* [WHAT YOU NEED TO DO] Reproduce exactly only the lines from the line that holds "記事タイトル:【やじうま配信" to the line that holds "Foi divulgado também", inclusive, in the listing below, and please leave out every picture.

* [RECORDS FOR THE TASK]
---------------

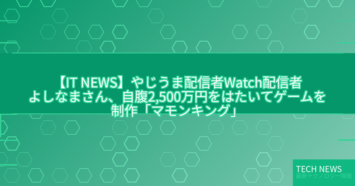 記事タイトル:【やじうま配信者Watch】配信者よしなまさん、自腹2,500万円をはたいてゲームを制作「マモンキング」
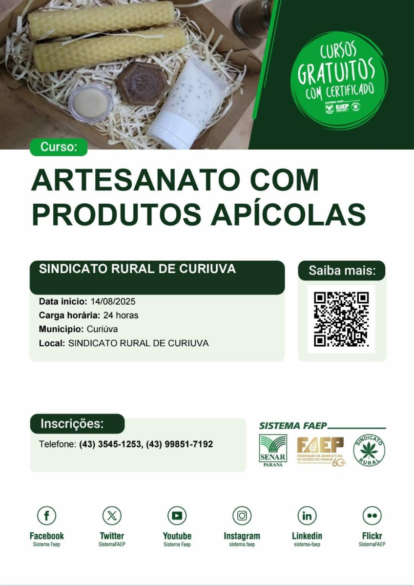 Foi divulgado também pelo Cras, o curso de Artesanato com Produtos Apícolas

---------------

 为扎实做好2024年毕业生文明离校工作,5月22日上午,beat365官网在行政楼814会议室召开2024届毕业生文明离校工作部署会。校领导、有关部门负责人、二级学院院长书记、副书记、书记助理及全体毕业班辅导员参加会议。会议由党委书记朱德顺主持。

---------------

* [SOLUTION TO THIS TASK]
 記事タイトル:【やじうま配信者Watch】配信者よしなまさん、自腹2,500万円をはたいてゲームを制作「マモンキング」
 Foi divulgado também pelo Cras, o curso de Artesanato com Produtos Apícolas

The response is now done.